What to produce:
Given the records underneath, please repeat exactly the lines from the line with "This life expectancy" through the line with "代号 | 专业名称 | 录取情况 | 同分排序原则 |", passing over any picture.

==== Source records

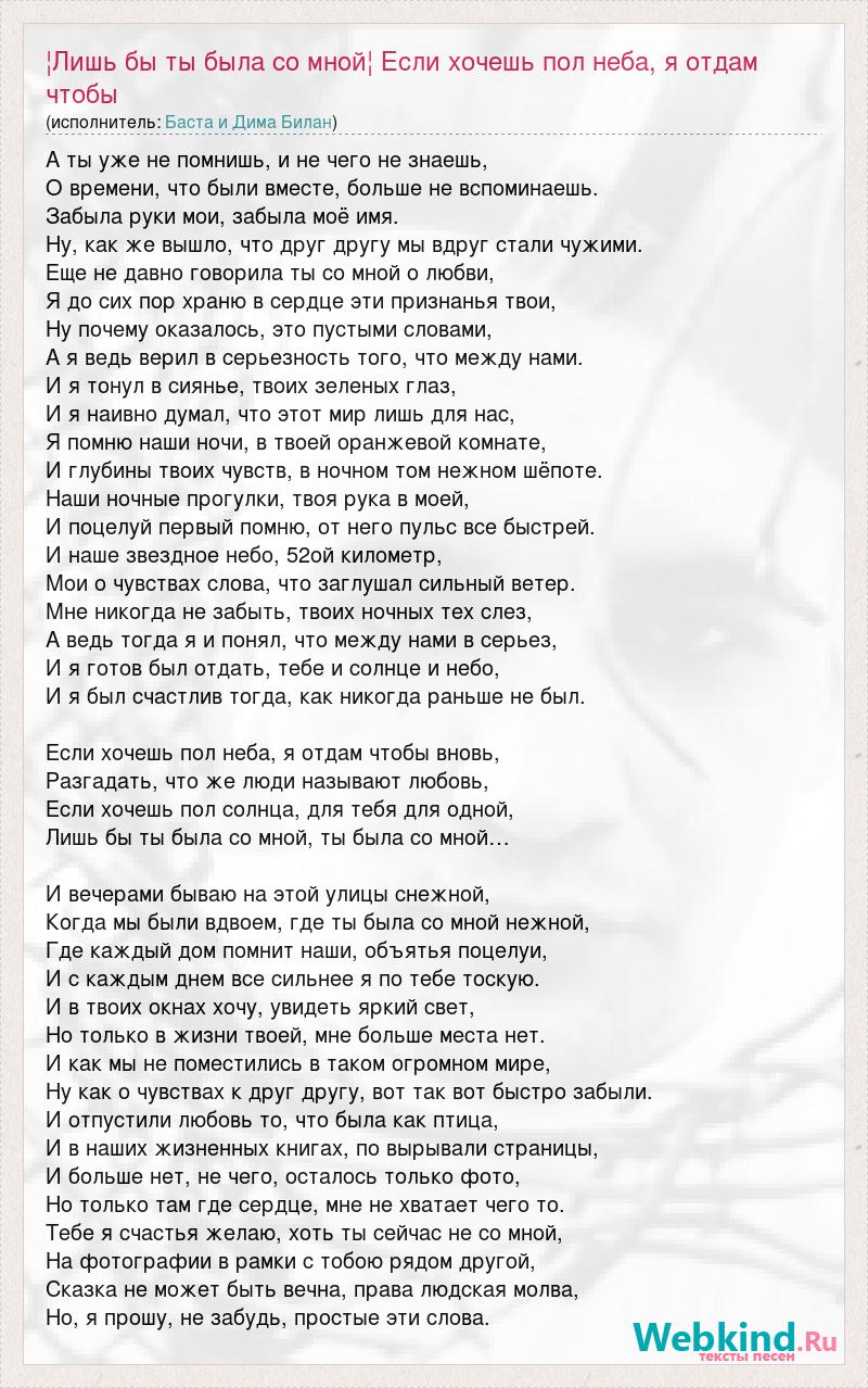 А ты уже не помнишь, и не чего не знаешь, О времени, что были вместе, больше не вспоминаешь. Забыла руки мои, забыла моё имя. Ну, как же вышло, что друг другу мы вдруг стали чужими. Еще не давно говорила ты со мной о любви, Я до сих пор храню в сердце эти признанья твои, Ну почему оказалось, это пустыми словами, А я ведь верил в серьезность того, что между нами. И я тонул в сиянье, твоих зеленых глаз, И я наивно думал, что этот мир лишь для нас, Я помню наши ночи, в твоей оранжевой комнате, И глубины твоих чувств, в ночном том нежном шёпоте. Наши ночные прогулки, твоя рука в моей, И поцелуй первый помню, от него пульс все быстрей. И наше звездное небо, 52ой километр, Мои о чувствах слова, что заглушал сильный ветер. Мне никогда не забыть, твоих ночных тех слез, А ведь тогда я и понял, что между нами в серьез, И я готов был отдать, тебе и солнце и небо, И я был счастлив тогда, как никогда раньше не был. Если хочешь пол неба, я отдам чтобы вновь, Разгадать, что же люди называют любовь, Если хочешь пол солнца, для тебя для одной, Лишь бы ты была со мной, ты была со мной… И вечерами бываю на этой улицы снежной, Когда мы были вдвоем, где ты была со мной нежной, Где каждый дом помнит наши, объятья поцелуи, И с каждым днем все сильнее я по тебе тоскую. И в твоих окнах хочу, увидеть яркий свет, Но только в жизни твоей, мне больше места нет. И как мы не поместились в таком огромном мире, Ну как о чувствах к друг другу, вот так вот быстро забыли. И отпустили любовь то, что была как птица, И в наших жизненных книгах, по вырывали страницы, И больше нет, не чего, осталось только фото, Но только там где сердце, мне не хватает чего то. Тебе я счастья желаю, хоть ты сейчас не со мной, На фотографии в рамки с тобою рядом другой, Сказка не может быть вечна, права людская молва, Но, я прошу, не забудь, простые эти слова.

========
==== Source records

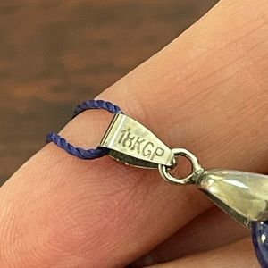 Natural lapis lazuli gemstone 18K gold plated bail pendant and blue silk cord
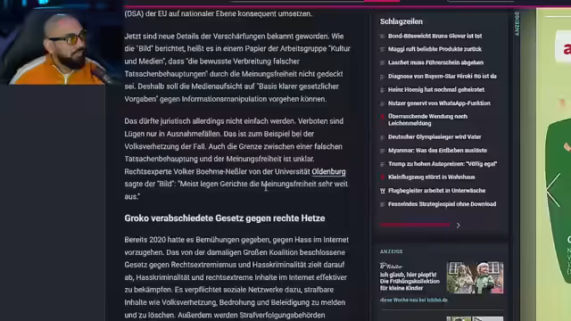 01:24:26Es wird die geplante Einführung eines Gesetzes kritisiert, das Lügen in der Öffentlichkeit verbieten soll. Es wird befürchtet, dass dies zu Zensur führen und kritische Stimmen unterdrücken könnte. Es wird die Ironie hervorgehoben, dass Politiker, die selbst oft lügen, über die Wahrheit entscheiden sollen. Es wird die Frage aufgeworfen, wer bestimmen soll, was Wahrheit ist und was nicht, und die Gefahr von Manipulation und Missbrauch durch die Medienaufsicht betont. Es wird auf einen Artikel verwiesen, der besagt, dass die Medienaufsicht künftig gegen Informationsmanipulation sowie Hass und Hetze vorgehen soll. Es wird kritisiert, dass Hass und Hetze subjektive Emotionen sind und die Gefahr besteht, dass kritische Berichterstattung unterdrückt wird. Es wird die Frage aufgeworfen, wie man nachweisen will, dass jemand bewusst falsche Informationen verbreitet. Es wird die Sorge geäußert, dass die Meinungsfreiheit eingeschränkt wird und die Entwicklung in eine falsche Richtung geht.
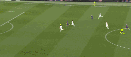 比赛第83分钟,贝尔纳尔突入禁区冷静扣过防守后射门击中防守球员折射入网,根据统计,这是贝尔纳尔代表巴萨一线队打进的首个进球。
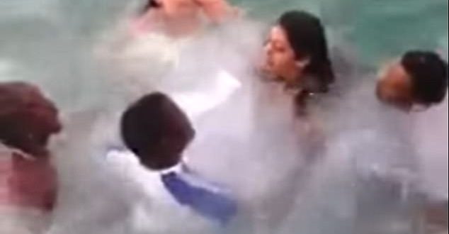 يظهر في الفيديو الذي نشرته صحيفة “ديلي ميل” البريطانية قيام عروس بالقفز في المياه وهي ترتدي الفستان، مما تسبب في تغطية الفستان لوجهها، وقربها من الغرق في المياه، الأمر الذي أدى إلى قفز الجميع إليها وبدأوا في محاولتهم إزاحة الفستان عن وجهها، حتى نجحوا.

========
==== Source records

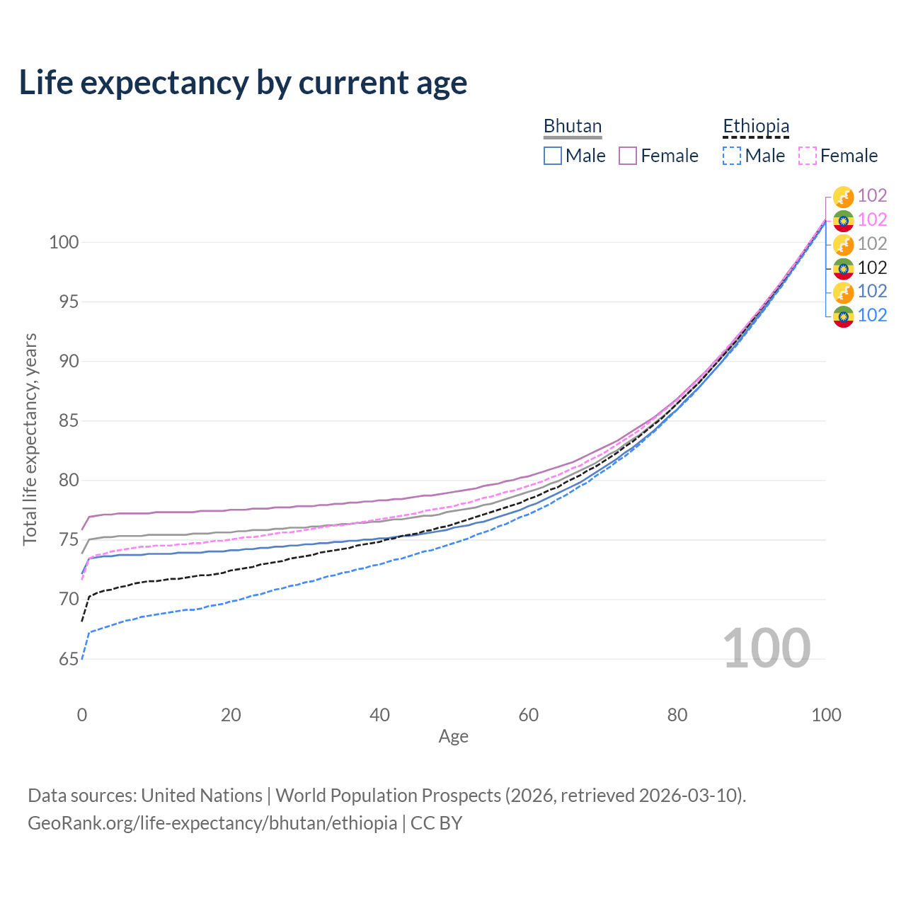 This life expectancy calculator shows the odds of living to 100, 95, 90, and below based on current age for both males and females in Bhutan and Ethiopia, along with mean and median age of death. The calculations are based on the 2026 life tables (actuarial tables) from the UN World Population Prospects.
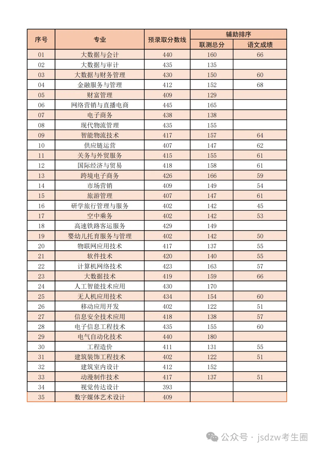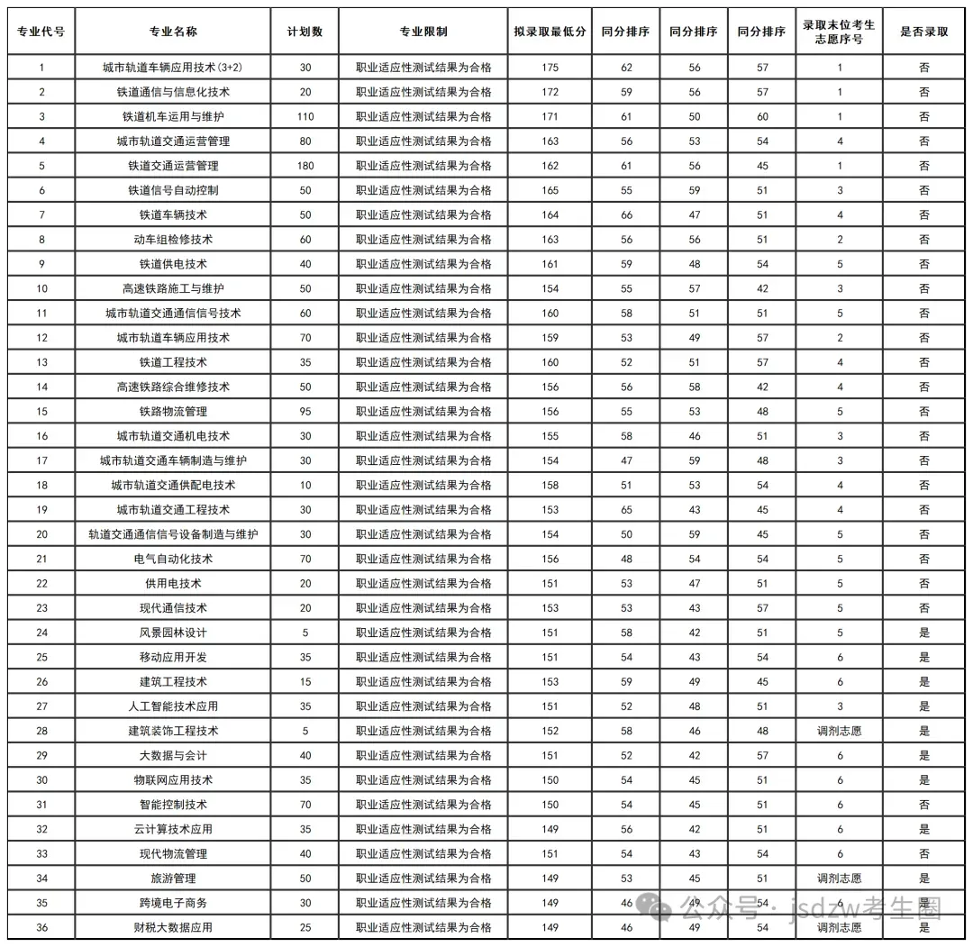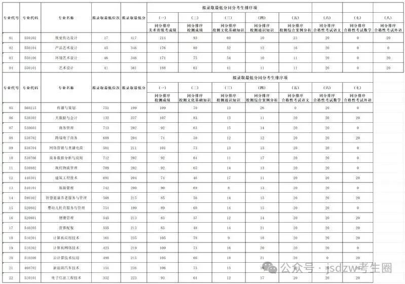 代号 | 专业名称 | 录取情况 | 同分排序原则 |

========

Exercise solution:
 This life expectancy calculator shows the odds of living to 100, 95, 90, and below based on current age for both males and females in Bhutan and Ethiopia, along with mean and median age of death. The calculations are based on the 2026 life tables (actuarial tables) from the UN World Population Prospects.
 代号 | 专业名称 | 录取情况 | 同分排序原则 |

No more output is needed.